→ What is required:
With the images removed, return every line below exactly as it reads.

→ Collected data:
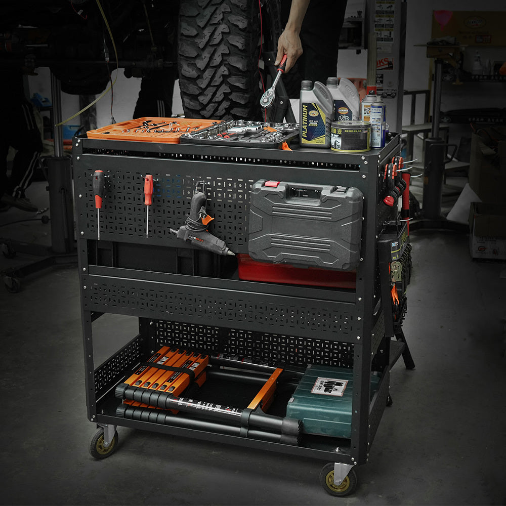 • Detachable Design: Designed for quick setup and space-saving, the tool cart with pegboard simplifies installation with clear instructions.
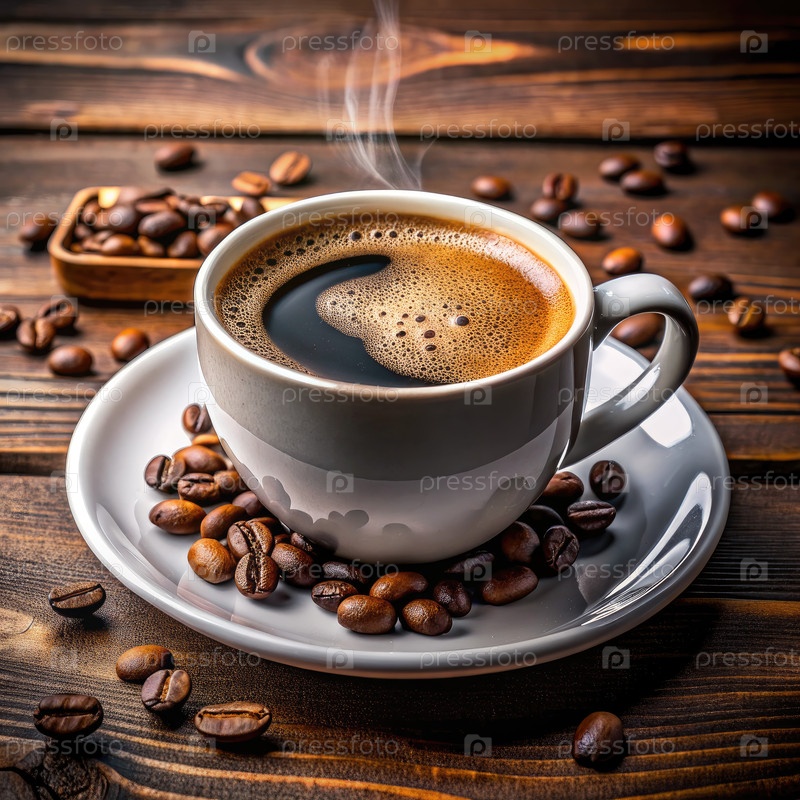 Чашка кофе на тарелке, окруженная кофейными зернами. генерирующий ИИ
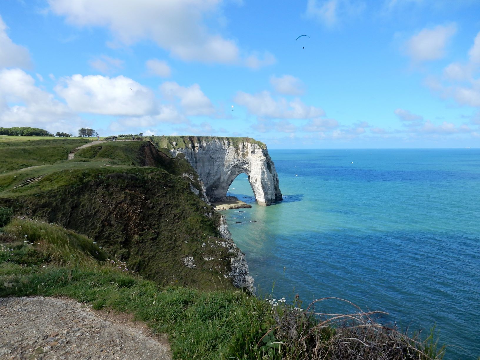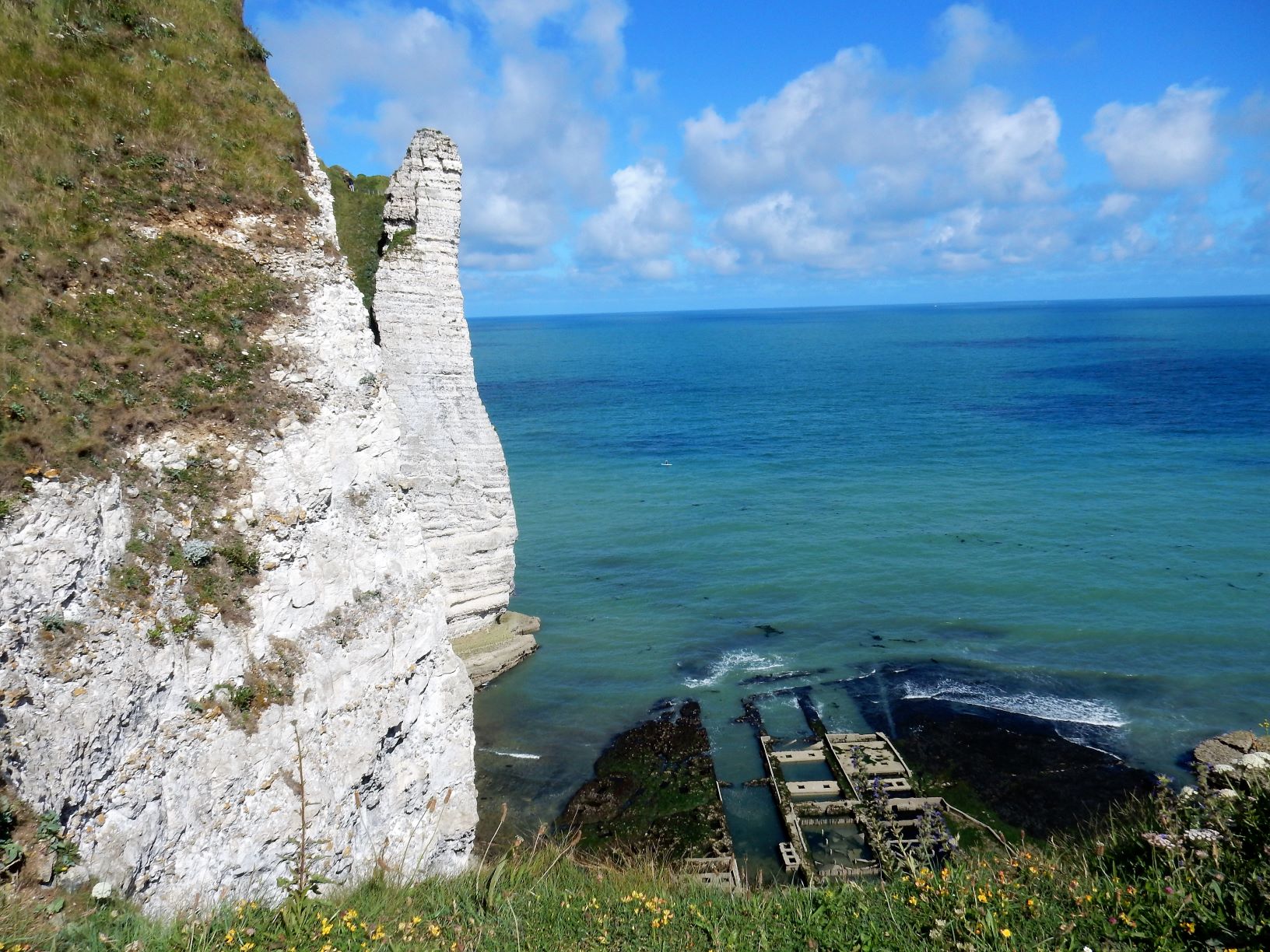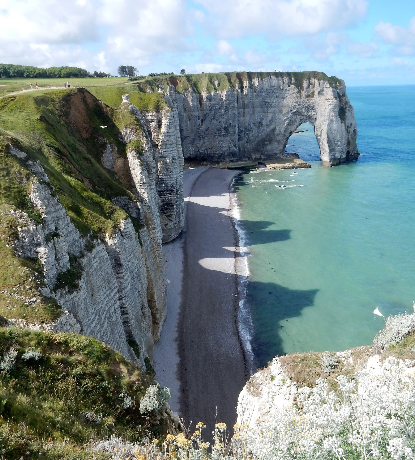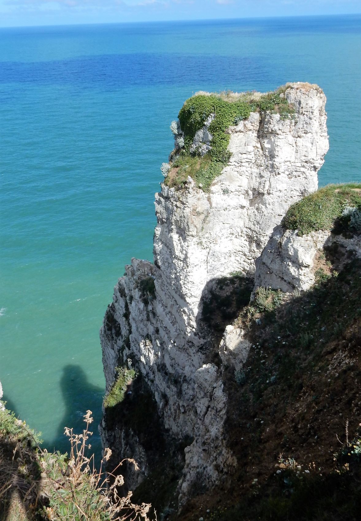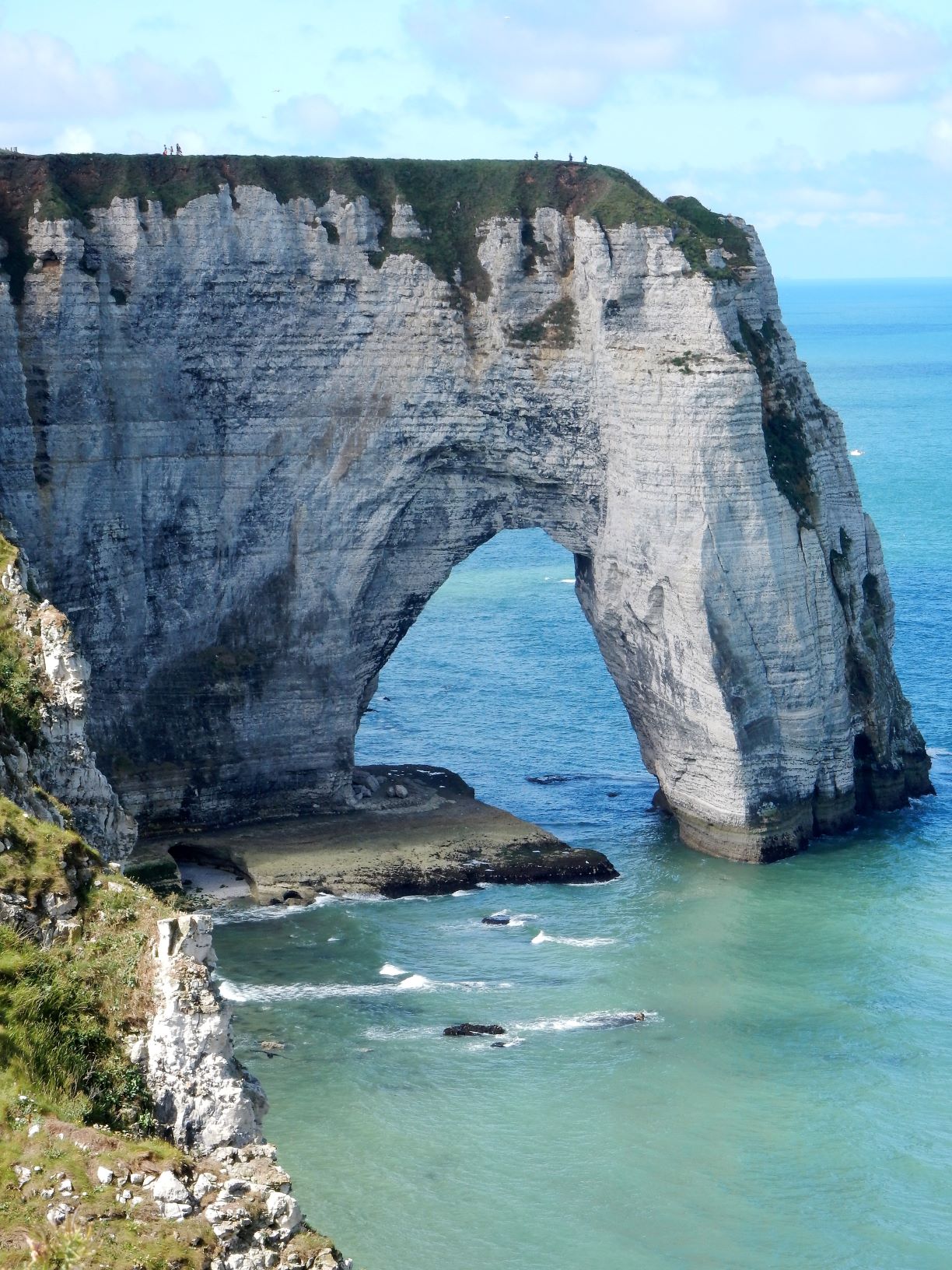 Étretat is best known for its chalk cliffs, including three natural arches and a pointed formation called L’Aiguille or the Needle, which rises 70 meters (230 ft) above the sea. The Etretat Chalk Complex, as it is known, consists of a complex stratigraphy of Turonian and Coniacian chalks. Some of the cliffs are as high as 90 meters (300 ft). These cliffs and the associated resort beach attracted artists including Eugène Boudin, Gustave Courbet and Claude Monet. These cliffs are ever as beautiful as the cliffs of Dover, but for some reason unknown to most folks in the US (if I can be so bold to assume that if I’ve never heard of them most other Americans have not as well). Dover just must have a better publicist.

→ Answer section:
 • Detachable Design: Designed for quick setup and space-saving, the tool cart with pegboard simplifies installation with clear instructions.
 Чашка кофе на тарелке, окруженная кофейными зернами. генерирующий ИИ
 Étretat is best known for its chalk cliffs, including three natural arches and a pointed formation called L’Aiguille or the Needle, which rises 70 meters (230 ft) above the sea. The Etretat Chalk Complex, as it is known, consists of a complex stratigraphy of Turonian and Coniacian chalks. Some of the cliffs are as high as 90 meters (300 ft). These cliffs and the associated resort beach attracted artists including Eugène Boudin, Gustave Courbet and Claude Monet. These cliffs are ever as beautiful as the cliffs of Dover, but for some reason unknown to most folks in the US (if I can be so bold to assume that if I’ve never heard of them most other Americans have not as well). Dover just must have a better publicist.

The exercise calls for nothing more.